OpenNRE is an open-source and extensible toolkit that provides a unified framework to implement relation extraction models. This package is designed for the following groups:

  • New to relation extraction: We have hand-by-hand tutorials and detailed documents that can not only enable you to use relation extraction tools, but also help you better understand the research progress in this field.
  • Developers: Our easy-to-use interface and high-performance implementation can acclerate your deployment in the real-world applications. Besides, we provide several pretrained models which can be put into production without any training.
  • Researchers: With our modular design, various task settings and metric tools, you can easily carry out experiments on your own models with only minor modification. We have also provided several most-used benchmarks for different settings of relation extraction.
  • Anyone who need to submit an NLP homework to impress their professors: With state-of-the-art models, our package can definitely help you stand out among your classmates!

This package is mainly contributed by Tianyu Gao, Xu Han, Shulian Cao, Lumin Tang, Yankai Lin, Zhiyuan Liu

What is Relation Extraction

Relation extraction is a natural language processing (NLP) task aiming at extracting relations (e.g., founder of) between entities (e.g., Bill Gates and Microsoft). For example, from the sentence Bill Gates founded Microsoft, we can extract the relation triple (Bill Gates, founder of, Microsoft).

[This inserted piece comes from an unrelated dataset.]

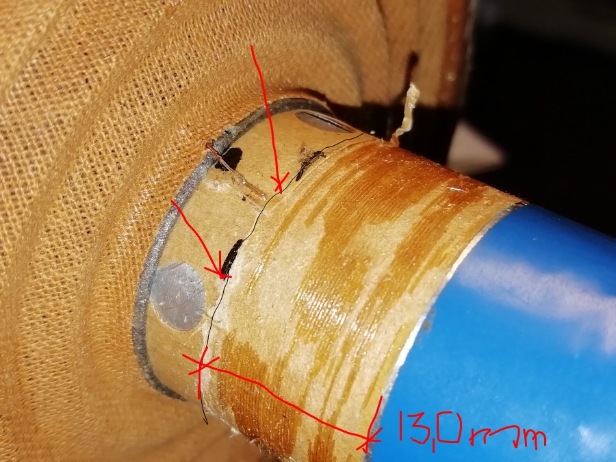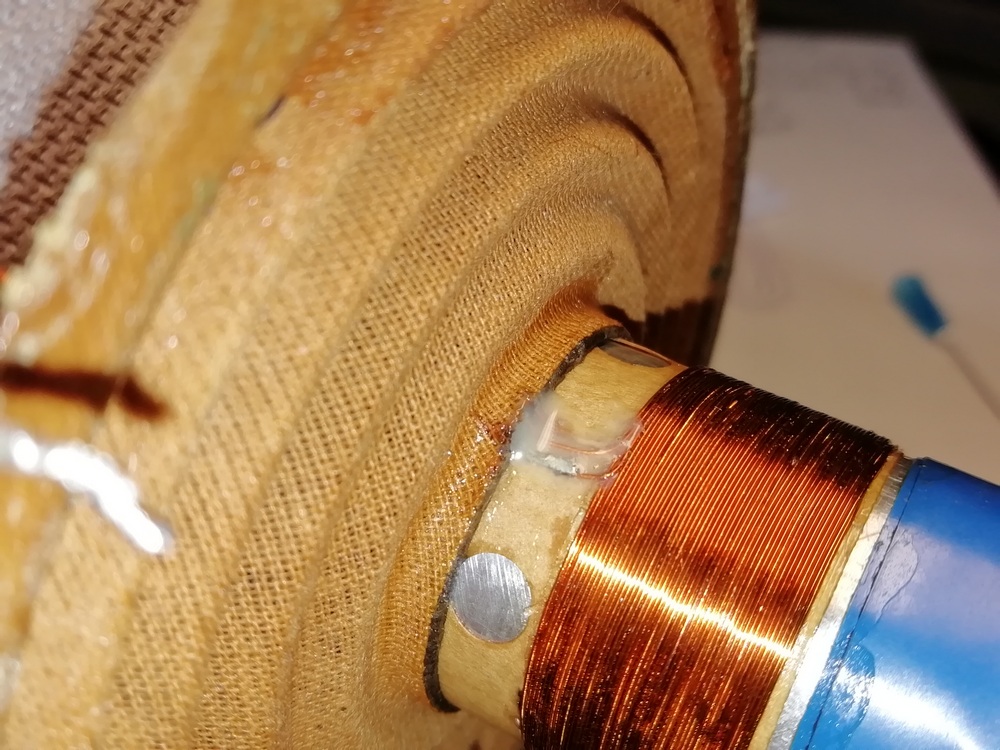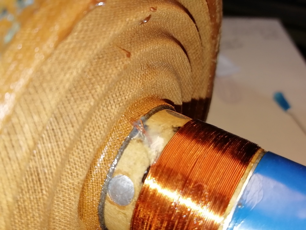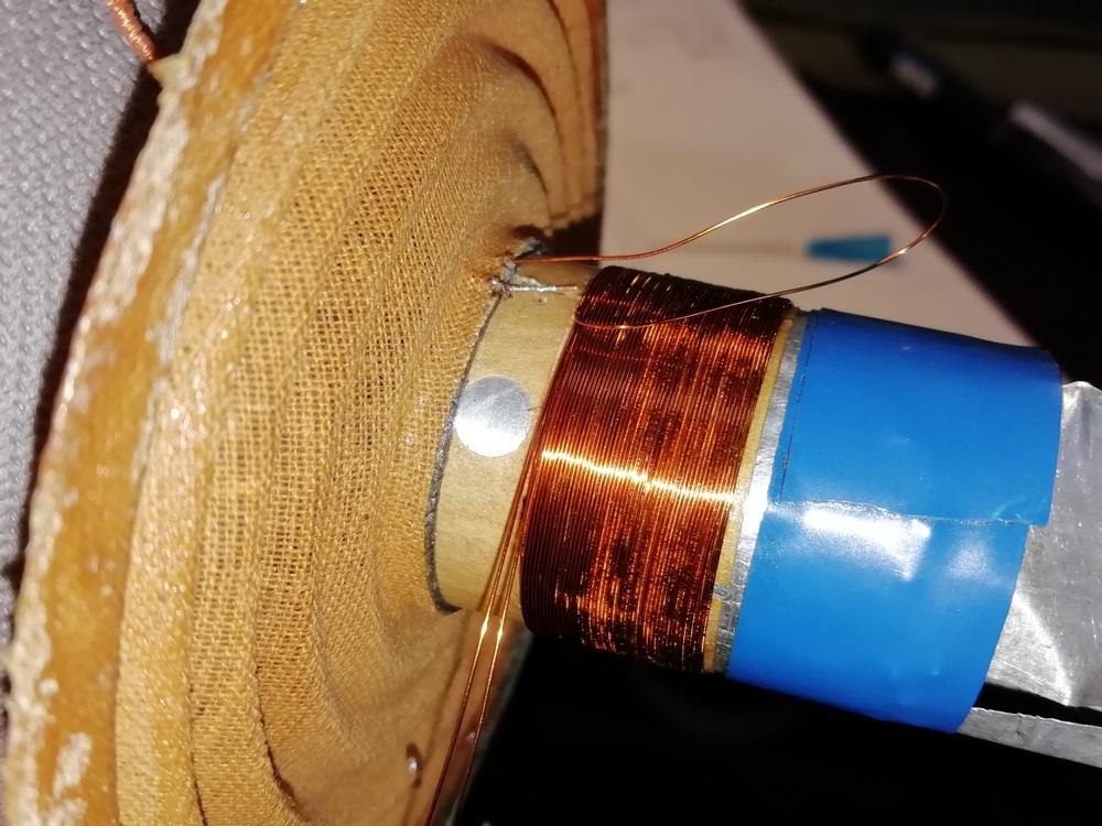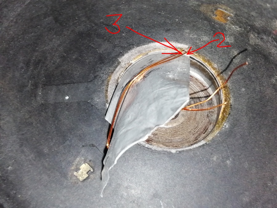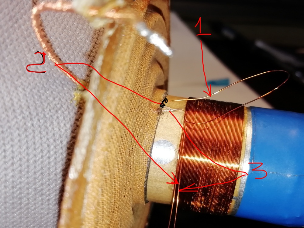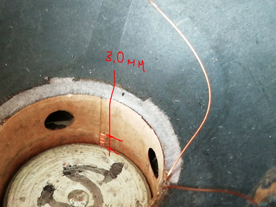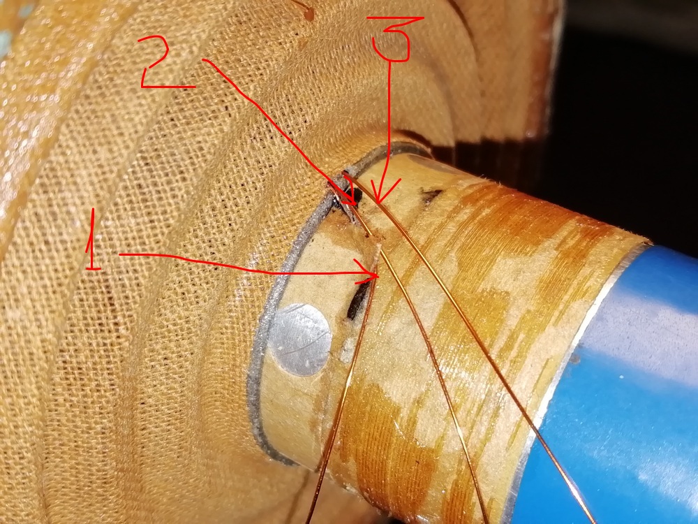 По окончании намотки, провод был зафиксирован секундным клеем и провод №1 через заранее приготовленное отверстие был выведен на лицевую часть диффузора

Relation extraction is a crucial technique in automatic knowledge graph construction. By using relation extraction, we can accumulatively extract new relation facts and expand the knowledge graph, which, as a way for machines to understand the human world, has many downstream applications like question answering, recommender system and search engine.

How to Cite

A good research work is always accompanied by a thorough and faithful reference. If you use or extend our work, please cite the following paper:

@inproceedings{han-etal-2019-opennre,
    title = "{O}pen{NRE}: An Open and Extensible Toolkit for Neural Relation Extraction",
    author = "Han, Xu and Gao, Tianyu and Yao, Yuan and Ye, Deming and Liu, Zhiyuan and Sun, Maosong",
    booktitle = "Proceedings of EMNLP-IJCNLP: System Demonstrations",
    year = "2019",
    url = "https://www.aclweb.org/anthology/D19-3029",
    doi = "10.18653/v1/D19-3029",
    pages = "169--174"
}

It's our honor to help you better explore relation extraction with our OpenNRE toolkit!

Papers and Document

If you want to learn more about neural relation extraction, visit another project of ours (NREPapers).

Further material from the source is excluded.